Pair Corralation between Crescent Star and Wah Nobel

Assuming the 90 days trading horizon Crescent Star Insurance is expected to generate 2.45 times more return on investment than Wah Nobel. However, Crescent Star is 2.45 times more volatile than Wah Nobel Chemicals. It trades about 0.14 of its potential returns per unit of risk. Wah Nobel Chemicals is currently generating about 0.27 per unit of risk. If you would invest  280.00  in Crescent Star Insurance on September 17, 2024 and sell it today you would earn a total of  30.00  from holding Crescent Star Insurance or generate 10.71% return on investment over 90 days.
Time Period3 Months [change]
DirectionMoves Together 
StrengthVery Weak
Accuracy100.0%
ValuesDaily Returns

Crescent Star Insurance  vs.  Wah Nobel Chemicals

 Performance 
       Timeline  
Crescent Star Insurance 

Risk-Adjusted Performance

0 of 100

 
Weak
 
Strong
Very Weak
Over the last 90 days Crescent Star Insurance has generated negative risk-adjusted returns adding no value to investors with long positions. Despite somewhat strong basic indicators, Crescent Star is not utilizing all of its potentials. The current stock price disturbance, may contribute to short-term losses for the investors.
Wah Nobel Chemicals 

Risk-Adjusted Performance

15 of 100

 
Weak
 
Strong
Good
Compared to the overall equity markets, risk-adjusted returns on investments in Wah Nobel Chemicals are ranked lower than 15 (%) of all global equities and portfolios over the last 90 days. Despite somewhat weak basic indicators, Wah Nobel sustained solid returns over the last few months and may actually be approaching a breakup point.

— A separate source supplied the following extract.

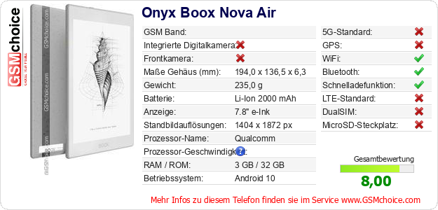 Hast du eigene Webseite? Willst du die Informationen über Standarddaten des Handys Onyx Boox Nova Air irgendwo veröffentlichen? Das ist sehr einfach. Du kannst das Bild herunterladen oder kopieren und auf der Webseite folgenden Code hinzufügen:Das Einfügen von diesem Code verursacht das Anzeigen von dem folgenden Bild: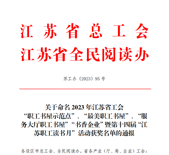喜訊!集團(tuán)榮獲2023年江蘇省工會(huì)“職工書(shū)屋示范點(diǎn)”榮譽(yù)稱(chēng)號(hào)!

Crescent Star and Wah Nobel Volatility Contrast

   Predicted Return Density   
       Returns  

Pair Trading with Crescent Star and Wah Nobel

The main advantage of trading using opposite Crescent Star and Wah Nobel positions is that it hedges away some unsystematic risk. Because of two separate transactions, even if Crescent Star position performs unexpectedly, Wah Nobel can make up some of the losses. Pair trading also minimizes risk from directional movements in the market. For example, if an entire industry or sector drops because of unexpected headlines, the short position in Wah Nobel will offset losses from the drop in Wah Nobel's long position.
The idea behind Crescent Star Insurance and Wah Nobel Chemicals pairs trading is to make the combined position market-neutral, meaning the overall market's direction will not affect its win or loss (or potential downside or upside). This can be achieved by designing a pairs trade with two highly correlated stocks or equities that operate in a similar space or sector, making it possible to obtain profits through simple and relatively low-risk investment.
Check out your portfolio center.
Note that this page's information should be used as a complementary analysis to find the right mix of equity instruments to add to your existing portfolios or create a brand new portfolio. You can also try the Idea Breakdown module to analyze constituents of all Macroaxis ideas. Macroaxis investment ideas are predefined, sector-focused investing themes.